Сначала друзья шли молча, каждый по-своему наслаждаясь картиной предвесеннего парка и запахами подтаявшего снега, струившимися в чистом и прозрачном воздухе.

— Граф Александр Андреевич сообщает, — заговорил Воронцов, — Павел вызвал ко двору фельдмаршала Суворова. Из Кончанского в столицу его привёз князь Горчаков, кажись, его племянник…

Александр Романович усмехнулся. Он верил Безбородко, получившему при Павле титул светлейшего князя и назначение государственным канцлером. Из прежних писем он знал, что Безбородко придерживался политики мира со всеми державами и даже с республиканской Францией, чтобы дать возможность России оправиться после длительных и тяжёлых войн. Воронцов вполне разделял взгляды государственного канцлера, своего друга, и догадывался, что вызов Суворова в Санкт-Петербург Павел предпринял отнюдь не по личным побуждениям, а по каким-то более важным причинам, пока ещё ему не ясным.

— Немая баталия государя с фельдмаршалом, думаю, закончится победою графа Александра Васильевича. Неспроста сей шаг сделал Павел. Видать, ноне наш витязь важнее при дворе, нежели в Кончанском. В одном имени его сколь силы!

— Всегда побеждать есть его жребий, — уверенно отозвался Радищев, высоко ценивший полководческий гений Суворова.

Оба они, внимательно следившие последнее время за грозой, бушевавшей во Франции, жадно ловили каждое новое газетное известие о борьбе на берегах Рейна и в долинах Италии. Поднимался Бонапарт, которому сопутствовала звезда счастья. Там, где были королевства, рождались республики. Злому гению на первых порах помогал сам народ, чтобы избавиться от господства дворян, помещиков и церкви. Это был головокружительный военный успех Бонапарта, за которым последовала уже давно поджидавшая его первая неудача.

Воронцов, читая газеты, думал, что тень мирной надежды исчезла, как сон. Враги спокойствия и мира употребили самые отчаянные средства, чтобы продолжалось человеческое кровопролитие.

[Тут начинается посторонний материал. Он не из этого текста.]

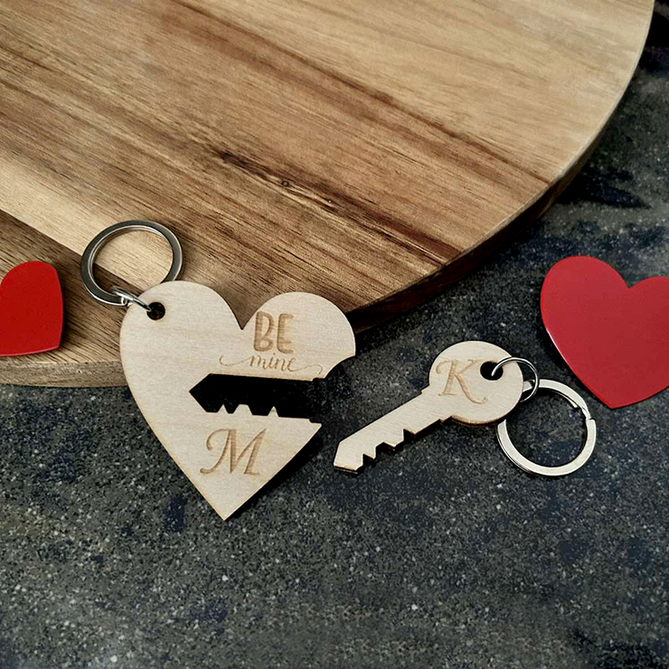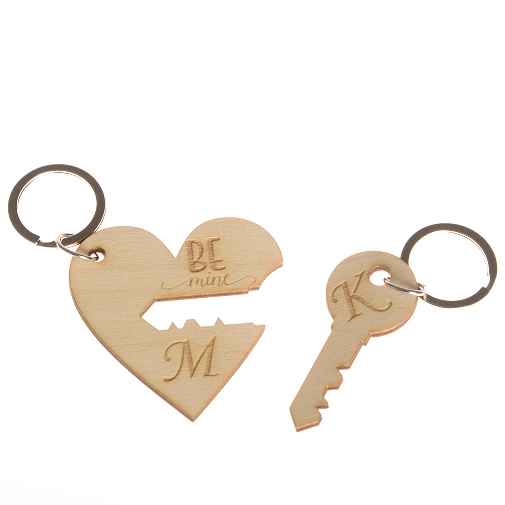 Διπλό Ξύλινο Μπρελόκ Καρδιά για εσάς και τον αγαπημένο σας με χάραξη

Александр Романович считал самой жесточайшей из всех войн нынешнюю войну, продолжающуюся со всеми беспримерными её ужасами.

Он находил, что бедствия республики, её военная гроза происходят от забвения гражданских властей, от нарушения правил человечества. Чтобы восторжествовал порядок и было уничтожено зло, по его убеждению, следовало восстановить власть родителей над детьми, господ над слугами и хозяев над их работниками. Новый порядок, новый государственный строй не мог поколебать этого векового правила. Воронцов склонялся к тому, что виной всего происходящего в Европе — философский энтузиазм, безмерное увлечение вольностью. И он вполне был согласен с утверждением одного из ежедневных парижских листков, сообщавшего, что ложный смысл, который «сопрягают со словом вольность, увлёк народ к преступлениям».